WHAT THE TASK REQUIRES
The printed result should hold only the lines from the opening of the data through the line bearing "Fertilizer plant food", exactly as given and without pictures.
::::
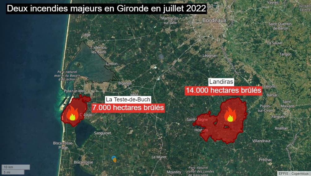 Sécheresse et chaleurs caniculaires créent un environnement très favorable aux incendies, qui se multiplient en France au fil des semaines. Les plus gros brasiers sévissent en Gironde entre le 12 et le 20 juillet 2022. Au total, ce sont quasiment 21.000 hectares qui ont été détruits dans les secteurs de la Teste-de-Buch et de Landiras. Cette superficie est très impressionnante, d'autant que d'importants moyens ont été engagés au sol comme dans les airs. Sans ce travail acharné des pompiers, le bilan aurait été encore plus lourd. Au total, 36.750 personnes ont été évacuées, dont de nombreux vacanciers.
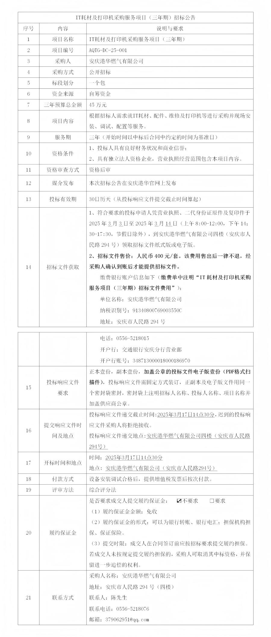 IT耗材及打印機采購服務項目(三年期)招標公告
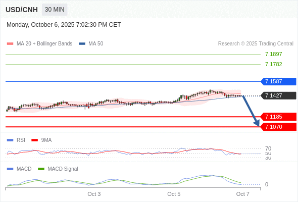 当 7.1587 维持阻力位时,看跌,目标锁定在 7.1070 。
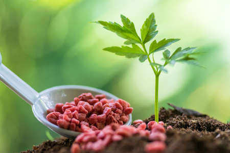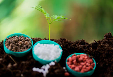 Fertilizer plant food to soil ground for vegetable tree sprout seedling and flower garden, Fertilizer and agriculture industry and take care of plants concept
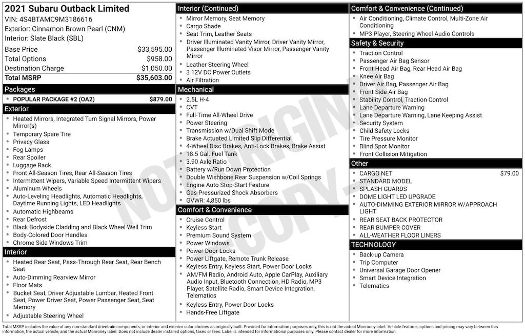 Whether you're navigating the daily commute or embarking on a weekend adventure, this 2021 Subaru Outback Limited is ready to exceed your expectations. Its versatile design, premium amenities, and advanced safety features make it the perfect companion for your active lifestyle.
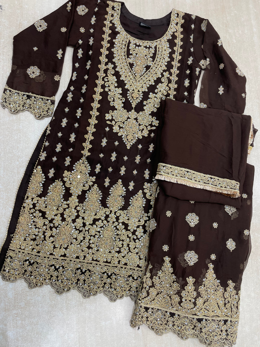 Aisha - Brown embroidered Plazo - Gold Embroidered & Gem work - 3Pcs
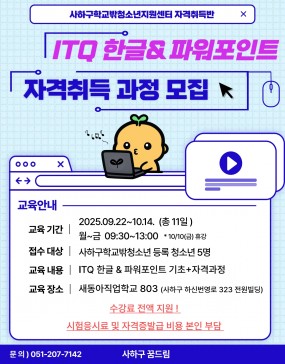 ITQ 한글&파워포인트 자격취득 과정 참여 청소년 모집
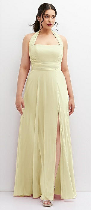 Chiffon Convertible Maxi Dress with Multi-Way Tie Straps in butter yellow
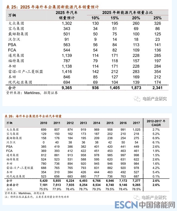 2025年海外車企新能源車當年銷量預計達1400萬輛以上。2012-2017年,海外12大車企集團(不包含特斯拉)所有整車銷量CAGR約2.6%。假設該復合增速為2017-2025年的增速,對應2025年銷量為9365萬輛。我們分別假設2025年12大車企集團新能源汽車(EV+PHEV)滲透率為10%、15%、20%、25%,分別對應936、1405、1873、2341萬輛的當年銷量。中性預測2025年海外12大車企的新能源汽車銷量有望達到1400-1900萬輛。
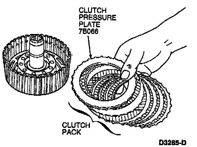 2. Remove clutch pressure plate retainer snap ring. Remove and inspect clutch pack. Note the relation of clutch pressure plates for assembly.
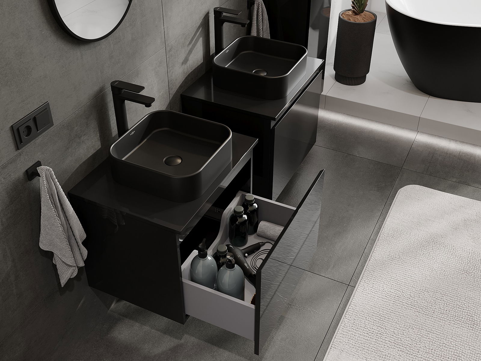 Τα αρθρωτά έπιπλα μπάνιου μας μπορούν να συνδυαστούν μεταξύ τους σε διάφορες χρωματικές διαμορφώσεις, επιτρέποντας πλήρη εξατομίκευση. Μπορείτε να επιλέξετε τόσο την εμφάνιση όσο και τις λειτουργίες των επιμέρους στοιχείων, ώστε να προσαρμόσετε τα έπιπλα στις δικές σας στιλιστικές και λειτουργικές προτιμήσεις.
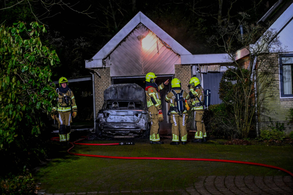 Auto brandt uit op oprit, woning en garage beschadigd
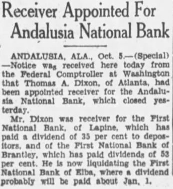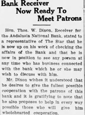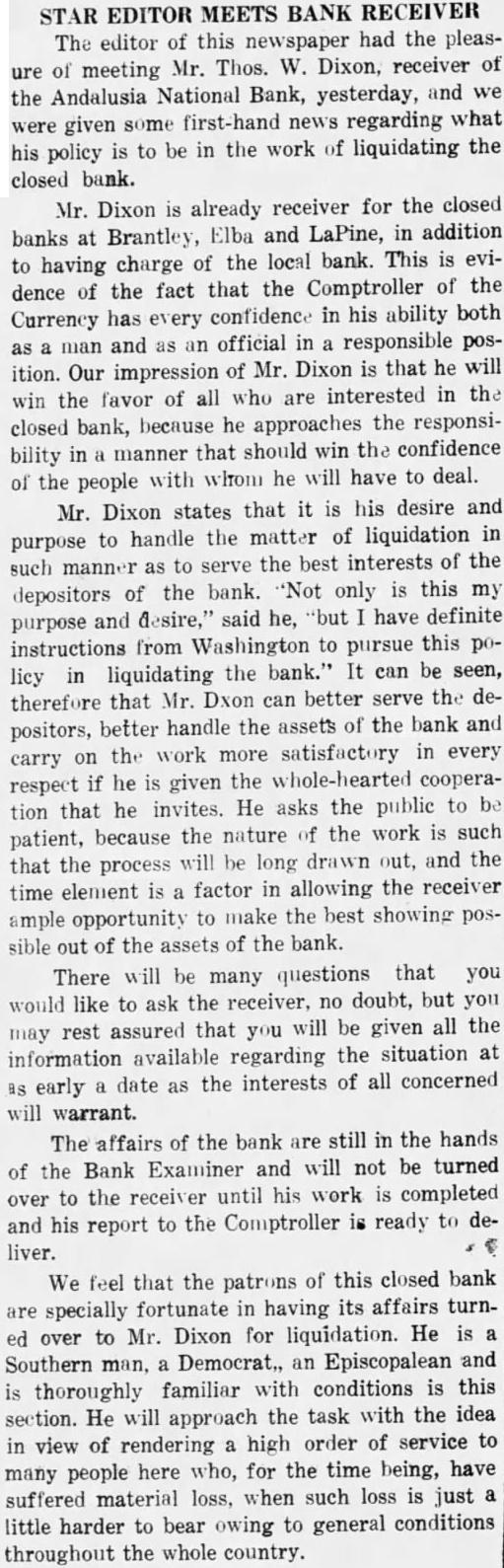 STAR EDITOR MEETS BANK RECEIVER The editor of this newspaper had the pleasure of meeting Mr. Thos. W. Dixon, receiver of the Andalusia National Bank, yesterday, and we were given some first-hand news regarding what his policy is to be in the work of liquidating the closed bank.
::::
YOUR RESPONSE
 Sécheresse et chaleurs caniculaires créent un environnement très favorable aux incendies, qui se multiplient en France au fil des semaines. Les plus gros brasiers sévissent en Gironde entre le 12 et le 20 juillet 2022. Au total, ce sont quasiment 21.000 hectares qui ont été détruits dans les secteurs de la Teste-de-Buch et de Landiras. Cette superficie est très impressionnante, d'autant que d'importants moyens ont été engagés au sol comme dans les airs. Sans ce travail acharné des pompiers, le bilan aurait été encore plus lourd. Au total, 36.750 personnes ont été évacuées, dont de nombreux vacanciers.
 IT耗材及打印機采購服務項目(三年期)招標公告
 当 7.1587 维持阻力位时,看跌,目标锁定在 7.1070 。
 Fertilizer plant food to soil ground for vegetable tree sprout seedling and flower garden, Fertilizer and agriculture industry and take care of plants concept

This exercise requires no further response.